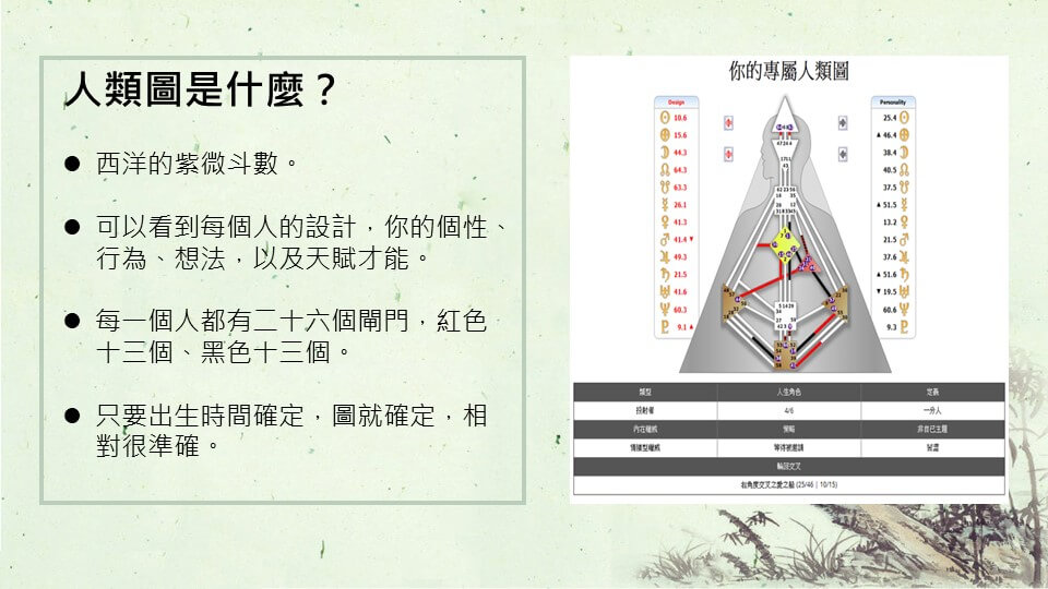 而人類圖的部分,只要你的出生日期時間確定,你的圖就確定,相對來講是很準確,而不像其他的那樣,模糊空間比較大。人類圖,相對是比較精準的,可以看到一個人的天賦才能。
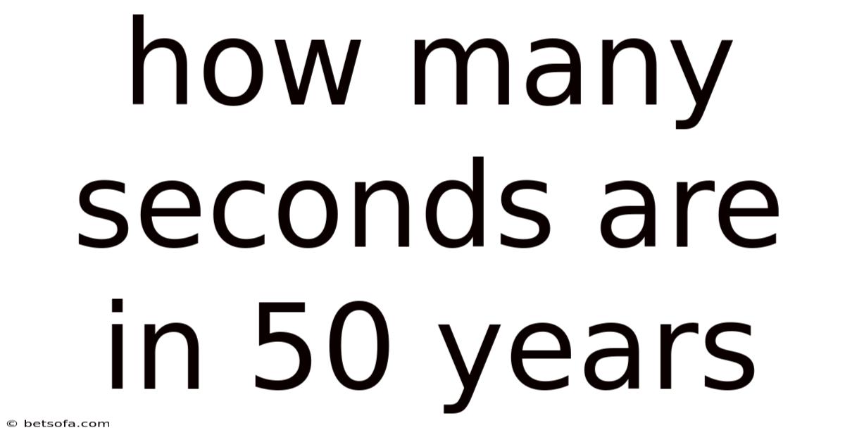 Q: Can the number of seconds in 50 years vary? A: Yes, slightly. The exact number depends on the specific years considered, as some 50-year periods may include more or fewer leap years.
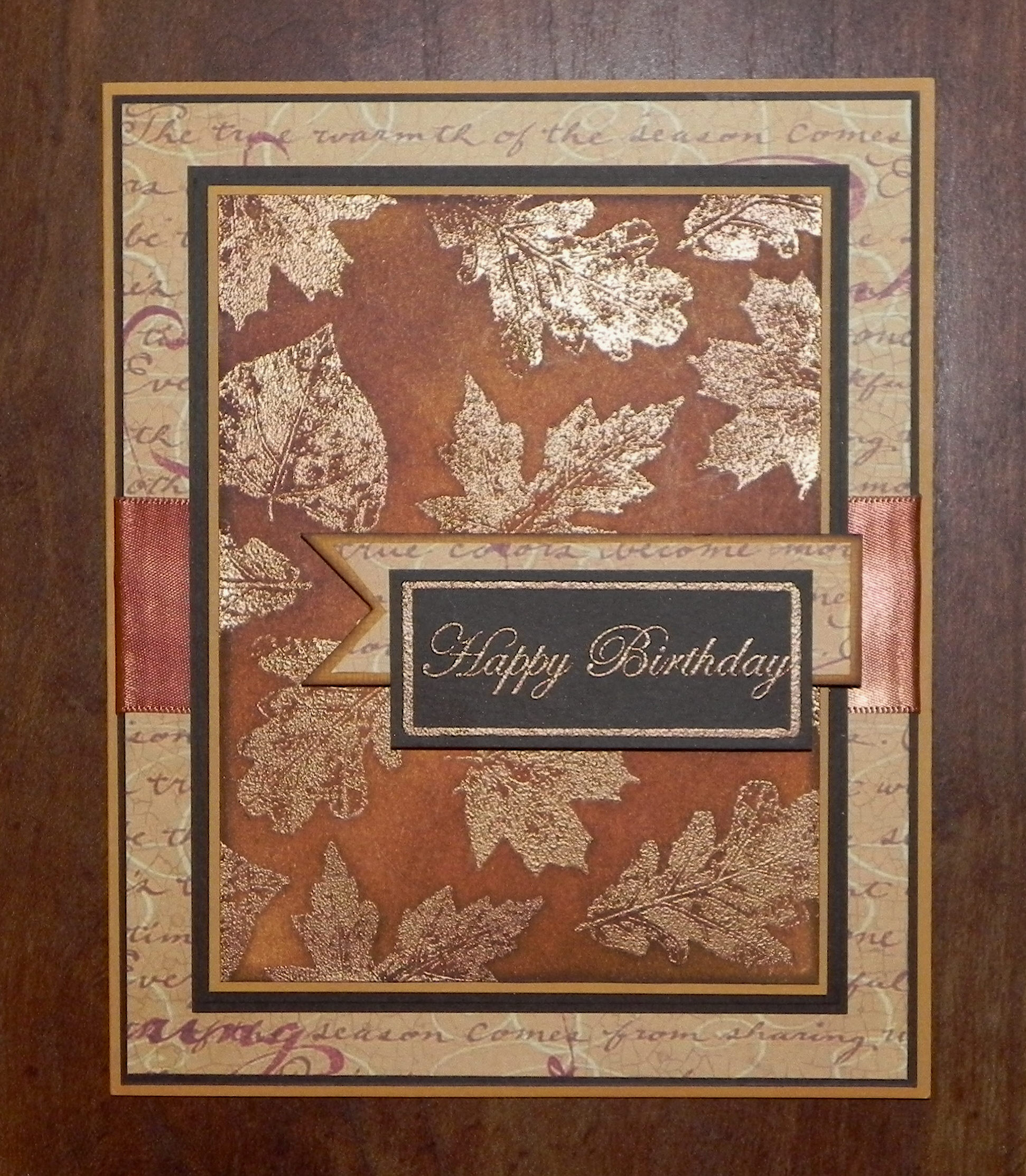 This card is being entered in the StampTV MIUM Challenge, “Falling Leaves” where the card should have a leaf or leaves as the primary image. (Sadly, this site is no longer active.)
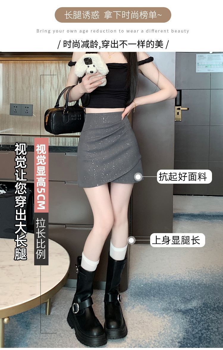 불규칙한 반짝임 2025 년 치마 짧은 치마 Sequin 봄과 여름 슬리밍 높은 허리 A 라인 스커트스토어 가기

> [What you should do]
All the material above should be written out exactly, with images omitted.

> [Task response]
 而人類圖的部分,只要你的出生日期時間確定,你的圖就確定,相對來講是很準確,而不像其他的那樣,模糊空間比較大。人類圖,相對是比較精準的,可以看到一個人的天賦才能。
 Q: Can the number of seconds in 50 years vary? A: Yes, slightly. The exact number depends on the specific years considered, as some 50-year periods may include more or fewer leap years.
 This card is being entered in the StampTV MIUM Challenge, “Falling Leaves” where the card should have a leaf or leaves as the primary image. (Sadly, this site is no longer active.)
 불규칙한 반짝임 2025 년 치마 짧은 치마 Sequin 봄과 여름 슬리밍 높은 허리 A 라인 스커트스토어 가기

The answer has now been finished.